Search Technology

Autocomplete

Search feature that predicts and suggests query completions as users type, helping them find products faster.

Last updated: October 8, 2025

Have you ever started typing a search and before you finish, the perfect suggestion appears? You click it, saving yourself several keystrokes and immediately getting results. That’s autocomplete, and it’s one of those features that seems like magic when it works well.

Autocomplete is the dropdown list of suggestions that appears as you type in a search box. Type “run” and it might suggest “running shoes”, “running watch”, “running shorts”. You can click any suggestion to immediately search for it, saving time and effort.

This might seem like a small convenience, but autocomplete dramatically improves the search experience, especially on mobile where typing is slow and tedious.

Why autocomplete matters more than you think

Let’s say you sell sports equipment.
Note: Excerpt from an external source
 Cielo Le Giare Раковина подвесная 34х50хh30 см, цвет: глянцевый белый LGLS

A customer starts typing “runni…” and stops. They’re not sure exactly what they want, maybe running shoes, maybe running gear in general. Without autocomplete, they have to finish typing, search, browse results, maybe refine their search.

With good autocomplete, they see suggestions immediately: “running shoes”, “running watch”, “running clothes”, “running accessories”. They spot “running shoes” and click. Instantly, they’re looking at exactly what they wanted, without finishing their query or browsing through broad results.
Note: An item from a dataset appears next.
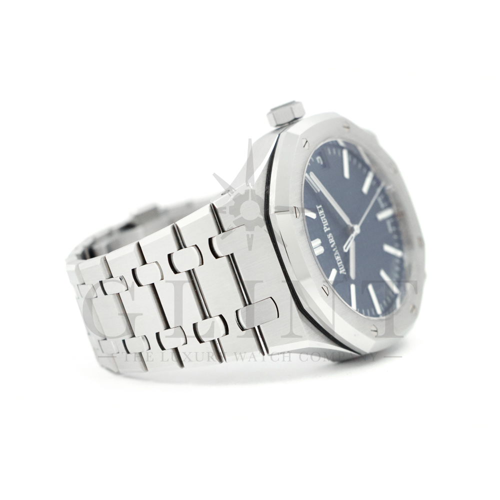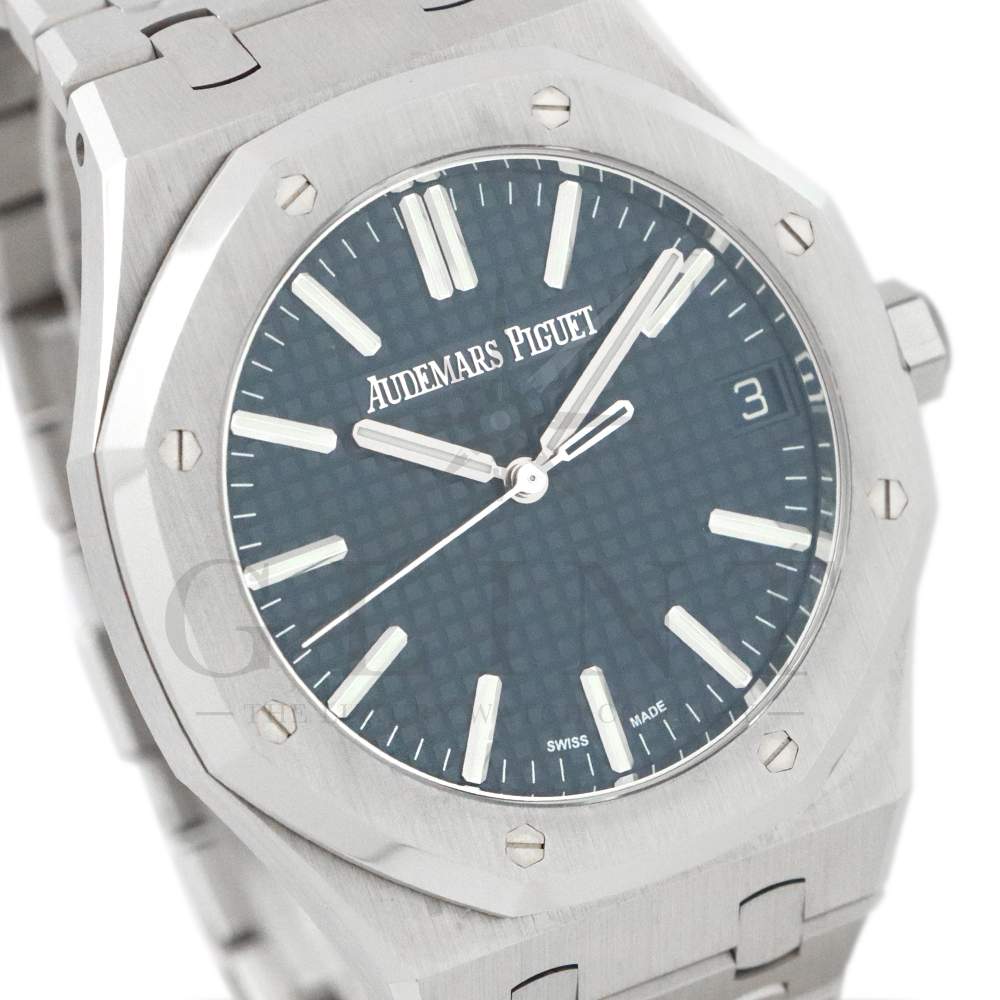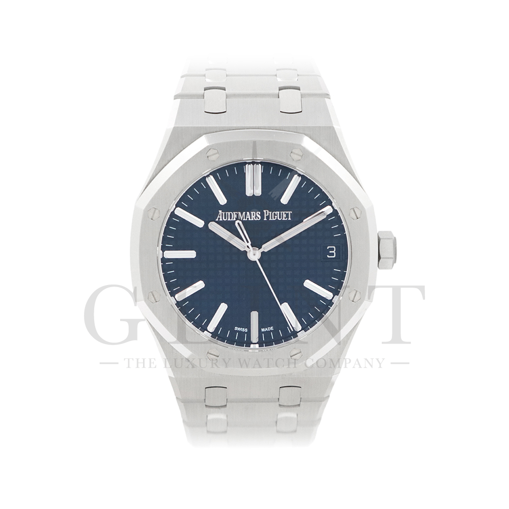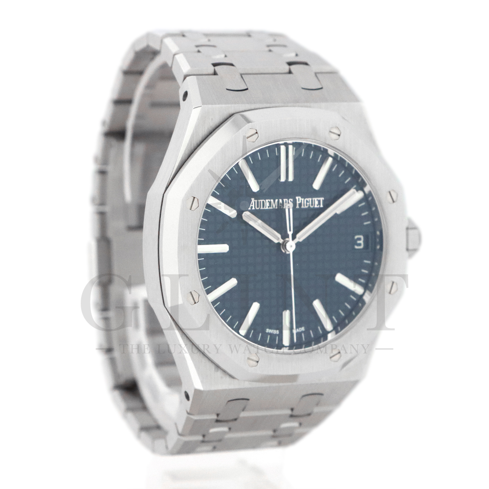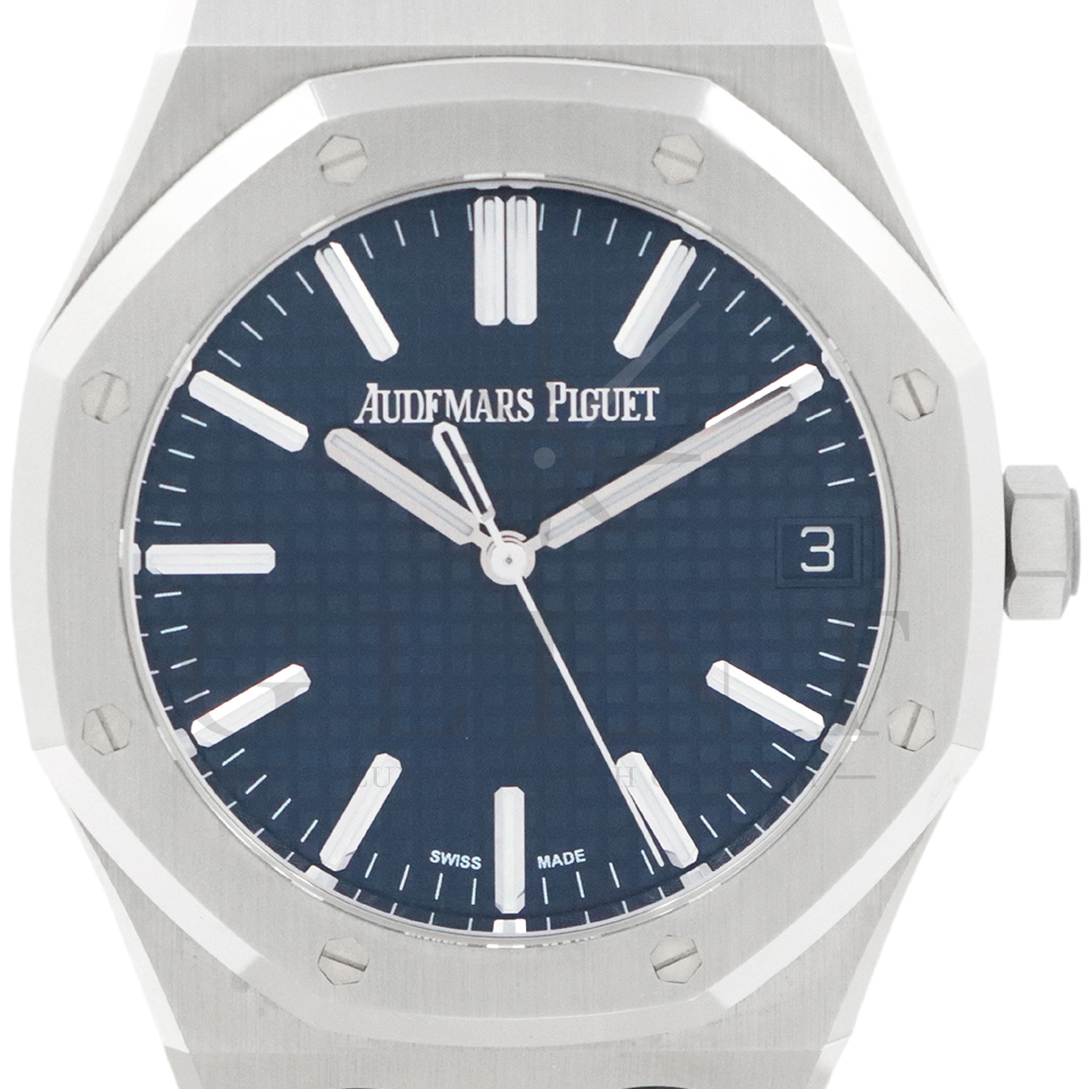 文字盤:「グランドタペストリー」模様の「ナイトブルー、クラウド50」ダイヤル、蓄光処理を施したホワイトゴールドのアプライドアワーマーカーとロイヤルオーク針

This is the power of autocomplete: it helps customers articulate what they want. Often, people don’t know the exact term to search for. Autocomplete shows them the options, guiding them to the right query.

Studies show that autocomplete increases search engagement by 20-30%. More importantly, it reduces the time from “I need something” to “here’s what I want” from minutes to seconds.

How autocomplete learns what to suggest

Good autocomplete isn’t random, it’s showing you the most likely helpful suggestions based on several data sources.

First, it looks at your product catalog. If you type “blue”, it checks what products actually contain “blue” in their titles or descriptions. This ensures suggestions lead to actual results.

Second, it considers what other customers search for. If hundreds of people search for “winter coats” but only a few search for “winter jackets”, “winter coats” appears higher in the suggestions. Popular searches get priority because they’re more likely to be what you want too.

Third, sophisticated autocomplete learns from success. If many customers search for “waterproof jacket”, click on a specific product, and buy it, that query gets boosted. The system learns that “waterproof jacket” is a valuable search that leads to purchases.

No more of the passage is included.